De ida y vuelta 2015

El fútbol es un deporte de equipo hasta que el arquero comete un error.

Fotografía de Juan Fernando Ospina.

Sin arquero no puede jugarse un partido de fútbol. Puede ser un desafío, un partido de amigos en una cancha sintética, una final del mundo o un partido en Play Station, y en ningún caso pueden jugarse ni siquiera cinco minutos de eso que con gran precisión Luis Omar Tapias llamó “el deporte más hermoso del mundo”. Si no hay un jugador que se diferencie del resto, tanto en uniforme como en posibilidad de agarrar el balón con las manos, no se puede jugar.

El arquero es un jugador aparte. Piensa distinto, se mueve diferente, come más, tiene más grasa, es más grueso, entrena aislado, celebra solo, pierde los partidos, rara vez gana alguno y es el único futbolista con reglas propias. Le dicen guardavallas, arquero, portero, golero, cancerbero, cuidapalos. Miguel Hernández, aquel recordado poeta y dramaturgo español de la brillante Generación del 27, lo inmortalizó en letras con su Elegía al guardameta.
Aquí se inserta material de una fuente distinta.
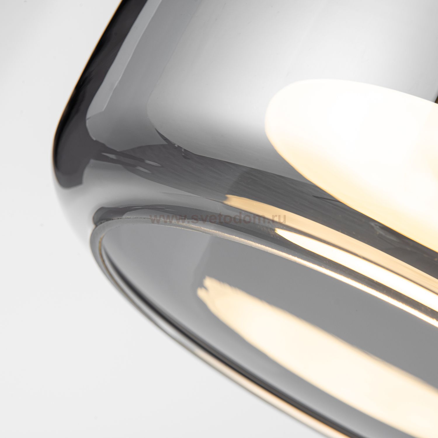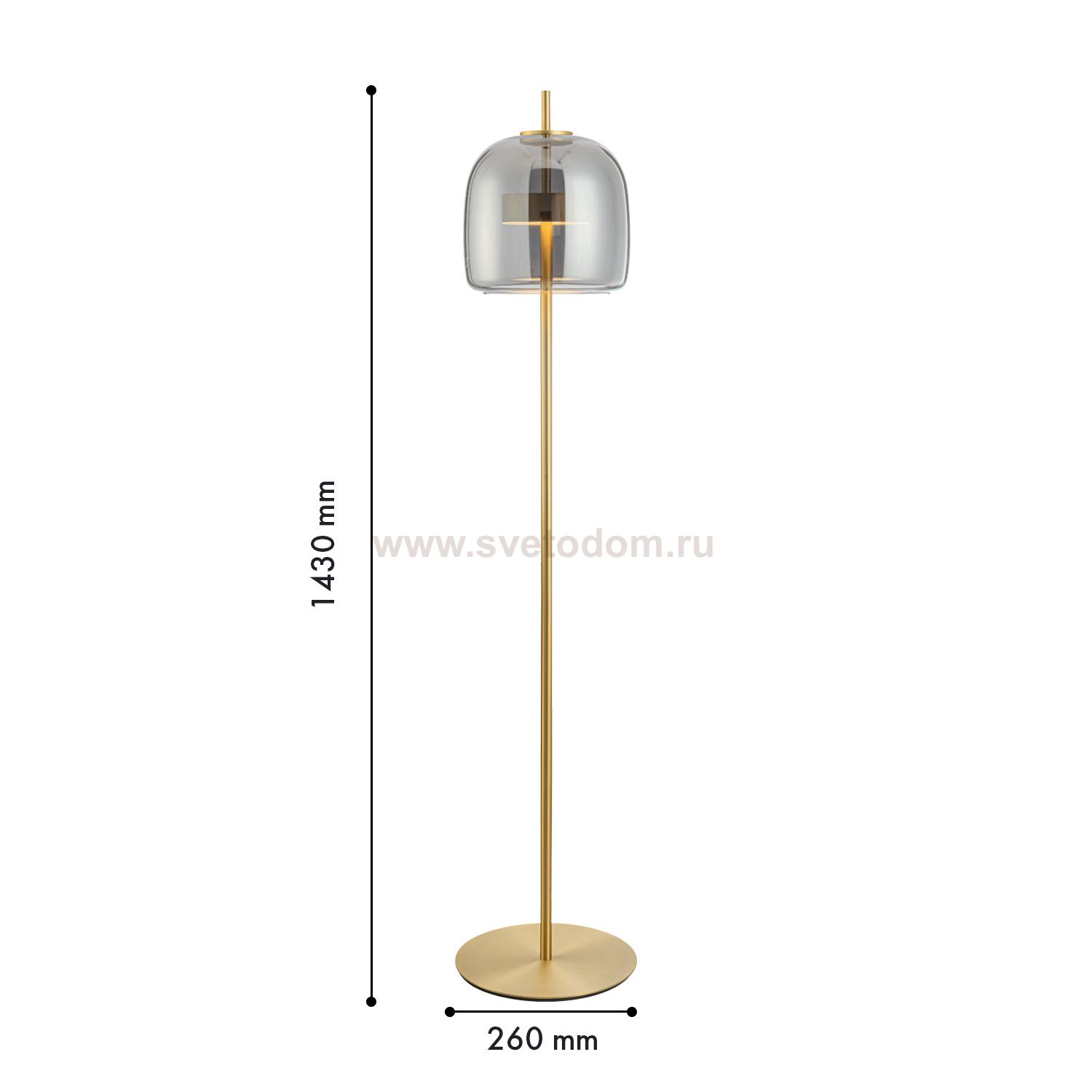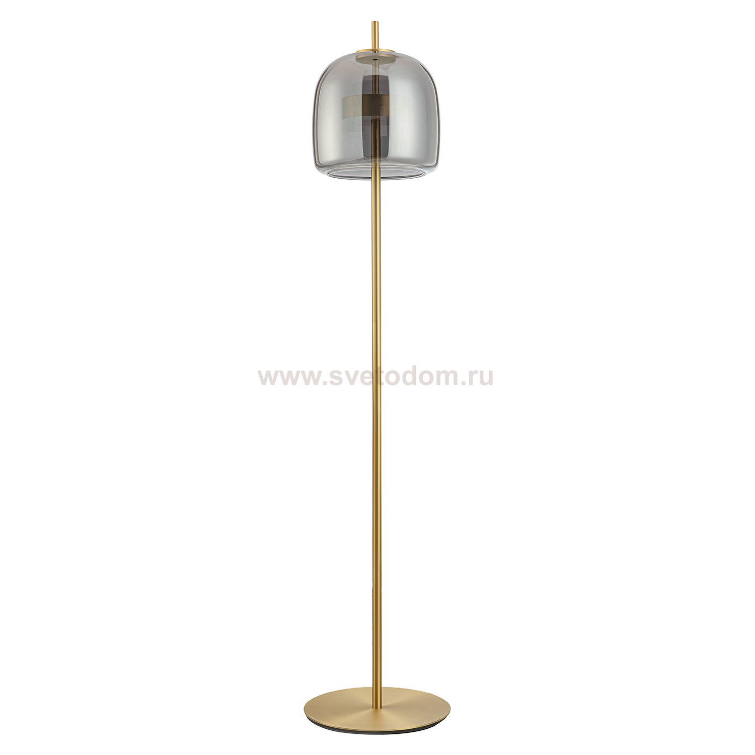 Торшер с каркасом цвета золото, плафон из дымчато-серого выдувного стекла со встроенным модулем LED. Серия
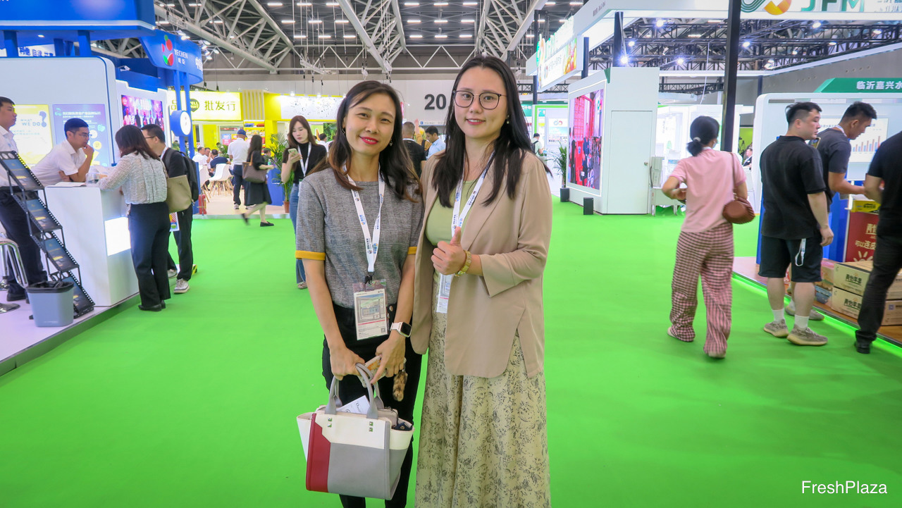 左边是FRECO Fresh的总经理Jade Shan, 公司主营新鲜和冷冻的波罗蜜,在中国国内可供全年销售。另一位是来自柏林展览广州办公室的Gloria Guan, 柏林展览是国际大型展会主办方。/ Jade Shan, to the left, is the General Manager at FRECO Fresh. The company specialises in fresh and frozen jackfruit, available year-round across China. She is together with Gloria Guan from Messe Berlin Guangzhou, Messe Berlin is an organizer of International exhibitions.
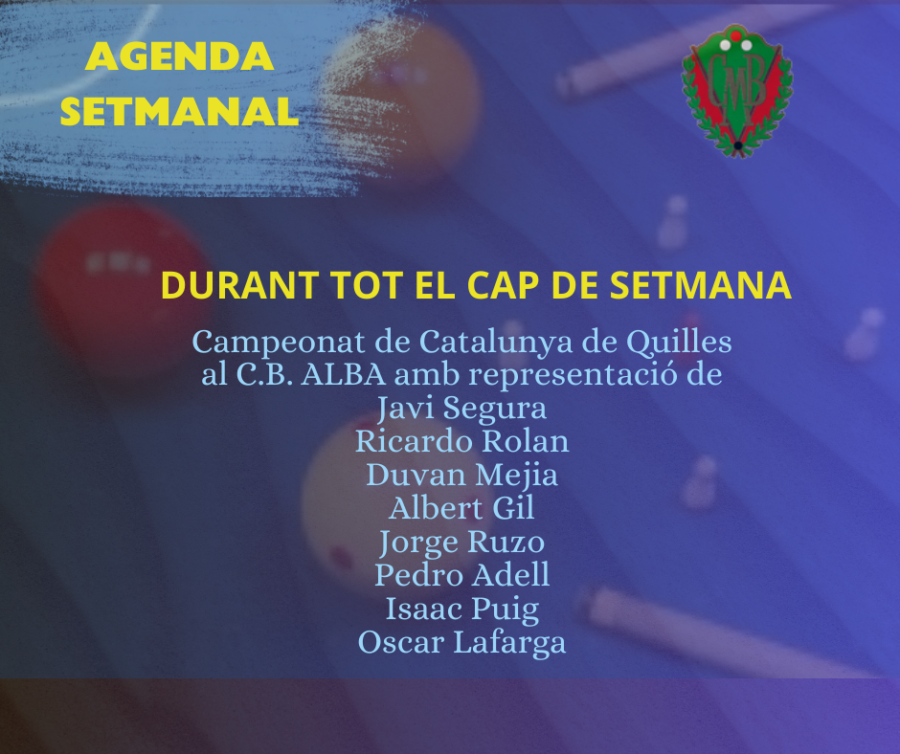 Agenda SetmanaDesitgem sort als nostres companys que participen en el Campionat de Catalunya de 5 Quilles. Por Isaac Puig|2024-02-22T07:31:17+00:00febrero 22nd, 2024|Noticias| Artículos relacionados Agenda Setmanal del 25 al 27 octubre octubre 22nd, 2024 | Sin comentarios Nova lliga de 5 Quilles en marxa octubre 17th, 2024 | Sin comentarios Ja tenim Campions del Social a 3 Bandes a SETS octubre 16th, 2024 | Sin comentarios Agenda Setmanal septiembre 26th, 2024 | Sin comentarios Campionat Catalunya 5 QUILLES septiembre 24th, 2024 | Sin comentarios
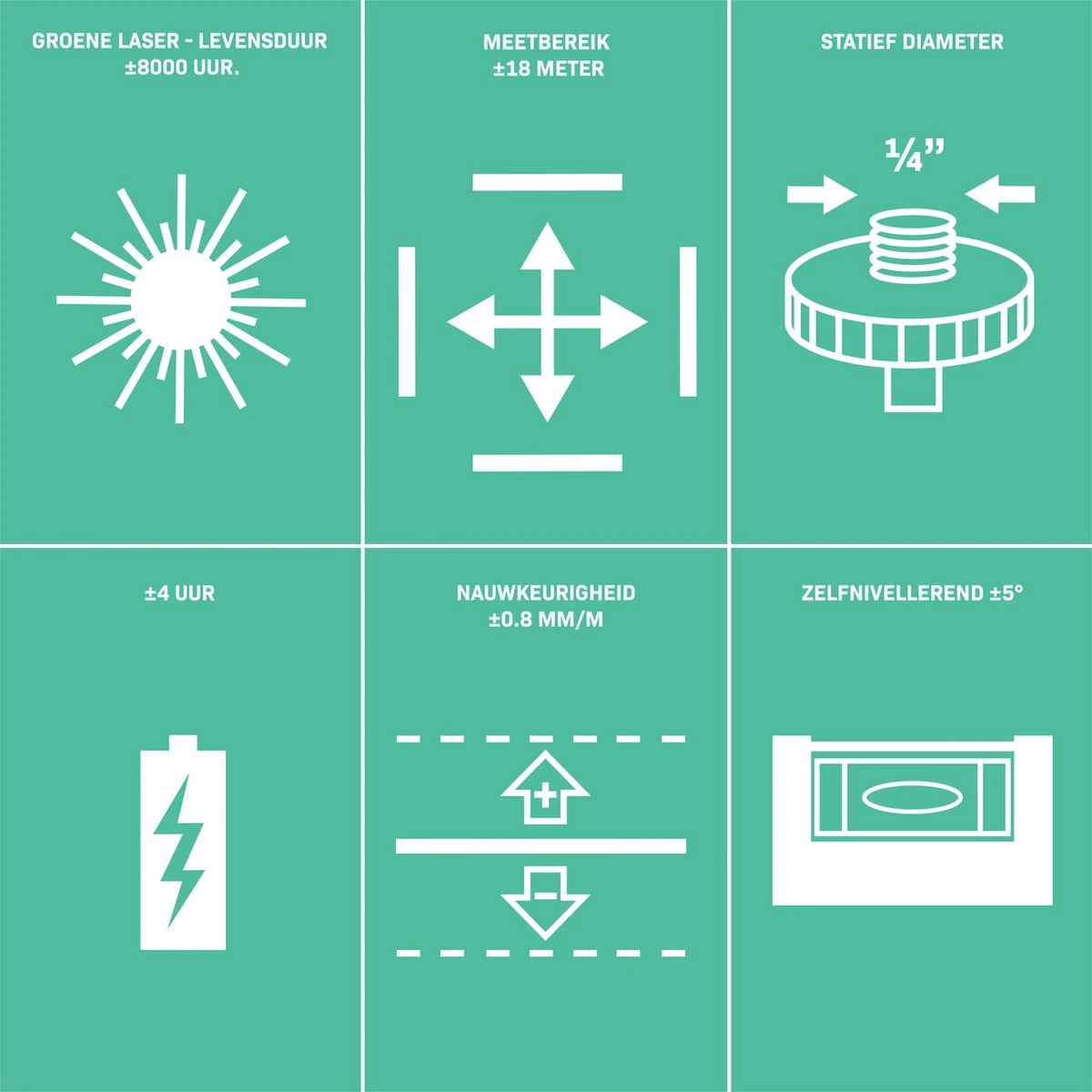 - Zelfnivellerende kruislijnlaser groen met een nauwkeurigheid van +/- 0,8 mm per meter.
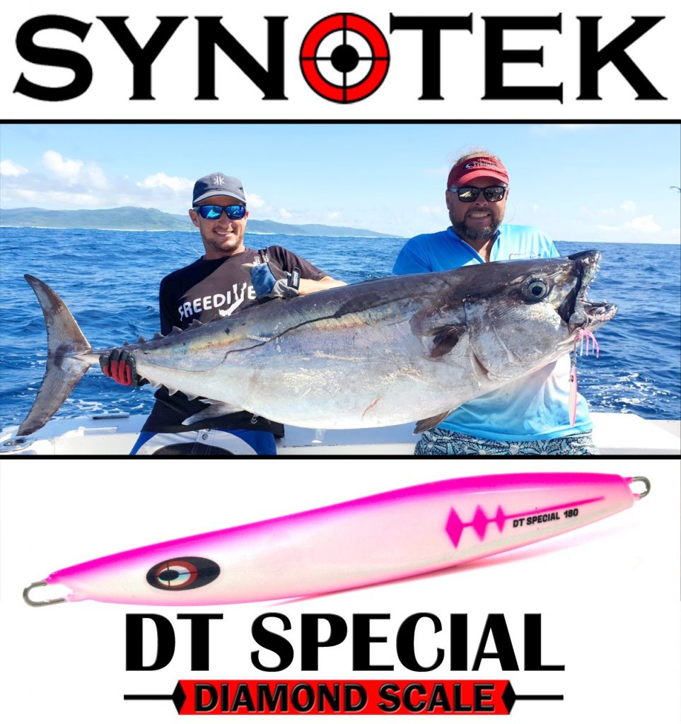 SYNOTEK has become one of the biggest high quality JIG product specialists in the world today and what we have seen from this company so far has been truly amazing. When you consider quality Vs price point we have found nothing else compares anywhere in the world. For the last 3 years we have been working with SYNOTEK to come up with a range of jigs with an amazing unique paint pattern design called DIAMOND SCALE. This unique paint feature which emulates a REALISTIC LATERAL LINE SCALE PATTERN, we have proven that it gains more interest from so many fish species compared to the standard paint designs seen everywhere these days on jigs. The SYNOTEK HIGH SPEED JIG range has been hand selected by the Elite Tackle team and the 5 different jig models available have been tried and tested already catching so many great fish species like the ultimate predator in the ocean the Dogtooth Tuna. The whole secret to these jigs is their amazing action that we have spent hours studying through underwater testing & videos to learn what gets the ultimate attention from aggressive predator fish. The DT SPECIAL JIG has been specifically designed to target fast moving pelagic species and can be worked medium pace with a rhythmic jigging action or extremely fast when speed jigging is required. The unique shape of this jig allows it to dart erratically often enticing reaction bites even when fish are being fussy. Ideal for targeting monster Dog Tooth Tuna, other Tuna species, King fish, Amberjack, Samson fish, Mackerel and many more.
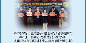 안녕하세요. 한국청소년정책연대입니다.2015년 10월 31일 깃발을 세운 한국청소년정책연대가 2021년 10월 31일, 6번째 생일을 맞이합니다.그동안 ...
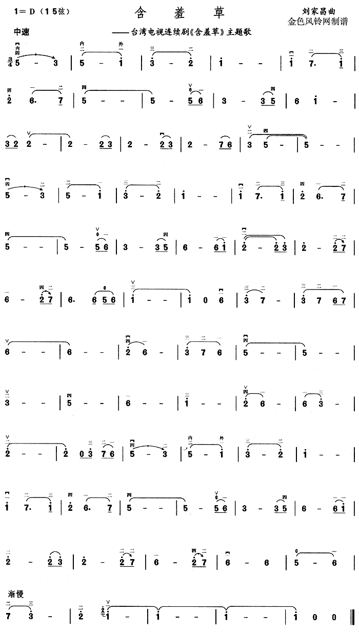 [古筝扬琴谱]含羞草 未知
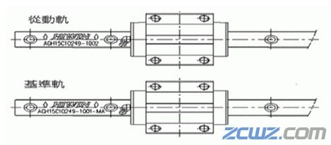2、正确区分基准导轨副与非基准导轨副(基准导轨上标有MA的标识__下图3,滑块上有磨光的基准侧面),将导轨的基准侧面与安装基面台阶的基准侧面相对,对准螺孔,将导轨轻轻地用螺栓予以固定。其余3根导轨依次于自由的方式安放在基面上。
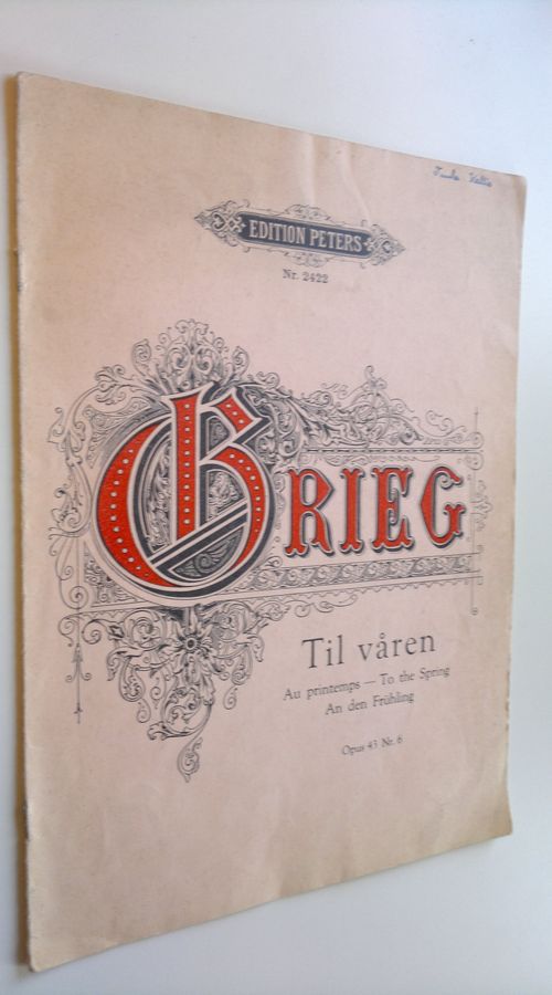 Edvard Grieg : Til våren : Au prinjtemps - To the spring - An den fruhling : Opus 43 Nr. 6
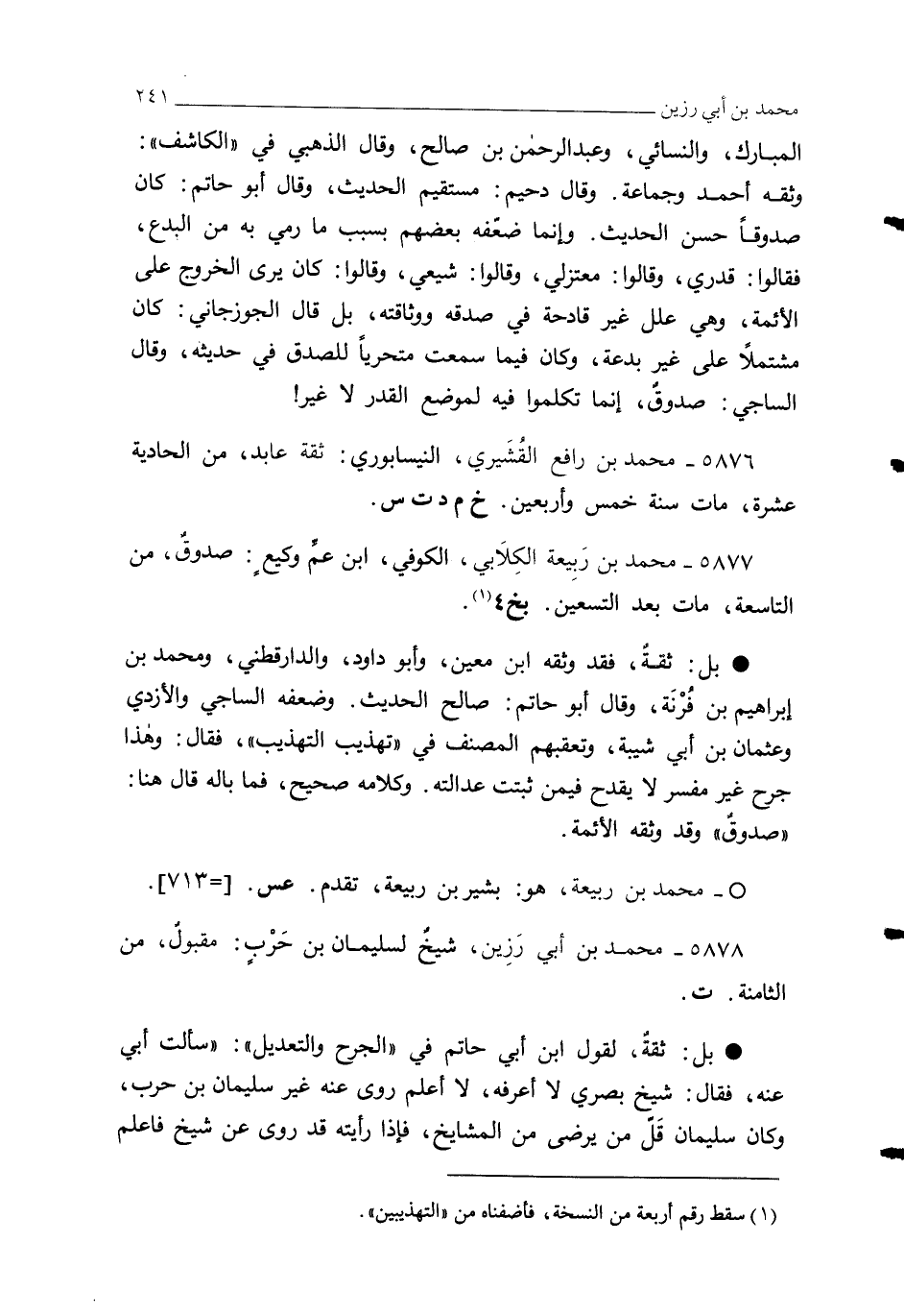 5876 - محمد بن رافع القُشَيري، النيسابوري: ثقة عابد، من الحادية عشرة، مات سنة خمس وأربعين. خ م دت س.
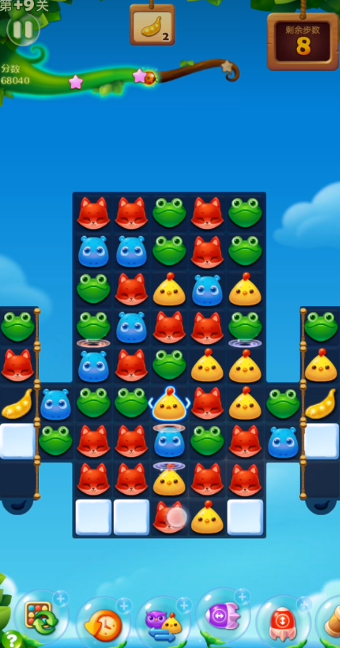 开心消消乐精英关第9关的核心挑战在于利用有限的步数让两个金豆荚成功掉落,这一关的障碍物主要集中在两侧,需要通过特效才能有效清除。开局时不要急于随意移动动物,而是要先观察整个棋盘布局,找准突破口。这一关的雪块障碍相对容易处理,因为它们不是双层...
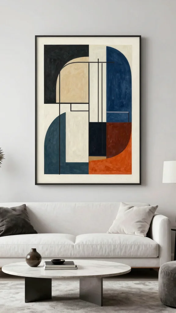 When incorporating geometric art, consider using a mix of smaller pieces to form a gallery wall or a large canvas as a centerpiece. This style beautifully complements minimalistic furniture, providing balance and structure to your space.
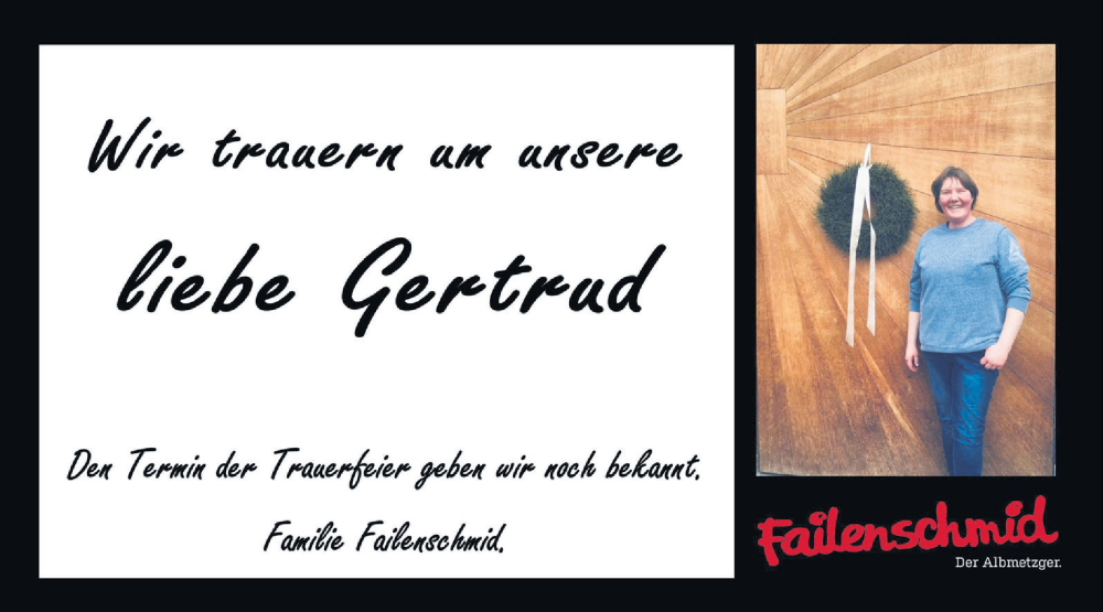 Hier finden Sie alle Traueranzeigen aus der Zeitung, die bisher für Gertrud Failenschmid erschienen sind. Weitere Traueranzeigen, die in der Zeitung erscheinen, werden hier ebenfalls aufgelistet
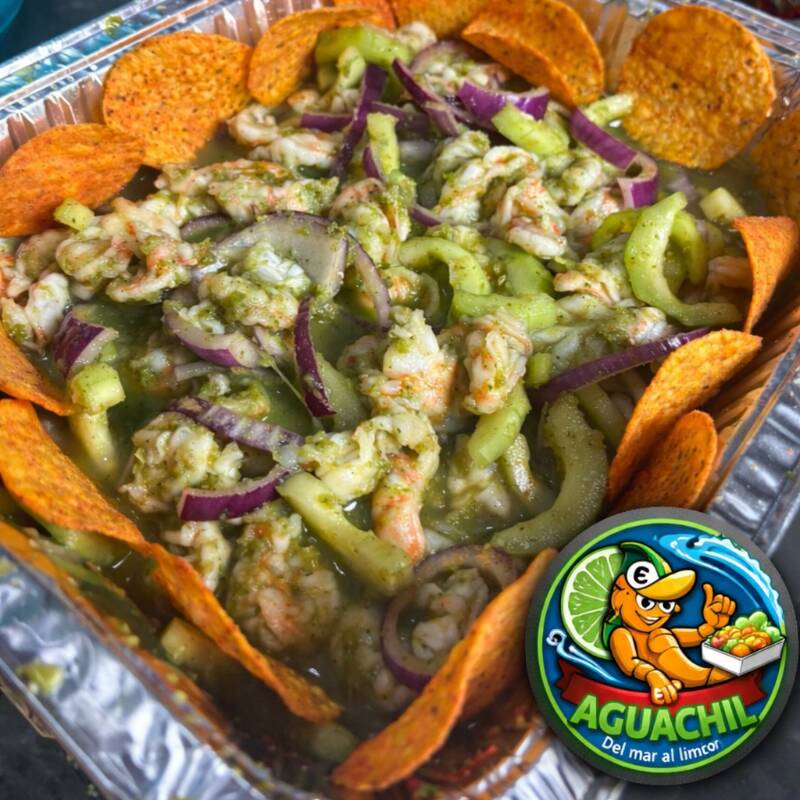 Aguachile verde preparado al momento con camarón fresco, pepino, cebolla morada, salsa verde de limón y chile, acompañado de aguacate y tostadas crujientes. Fresco, picosito y lleno de sabor.

En la década del treinta, cuando el fútbol empezó a popularizarse en Antioquia, especialmente en Medellín, con partidos épicos en Los Libertadores (hoy barrio San Joaquín) y con jugadores que brillaban por su exquisitez técnica, hubo uno que marcó época: Carlos Enrique Álvarez Jaramillo. Un nombre común para el descomunal arquero que fue. Según Carlos E. Serna, estadígrafo e historiador del fútbol antioqueño, ha sido el mejor portero que tuvo este departamento. Los que lo vieron tapar dicen que fue el mayor representante de los voladores de palo a palo. Carlos Castro Saavedra, en su columna Zona Verde del periódico El Correo de 1967, escribió sobre Álvarez: “Frente a la portería era una verdadera muralla, pero viva, elástica, alada, la cual, en el momento menos esperado, saltaba sobre el cielo”.

Este portero paisa, al nivel de los mejores, integró la Selección Antioquia desde 1932 hasta mediados de la década del cuarenta, y trazó el camino para una gran variedad de cancerberos reconocidos más por su técnica que por su estatura.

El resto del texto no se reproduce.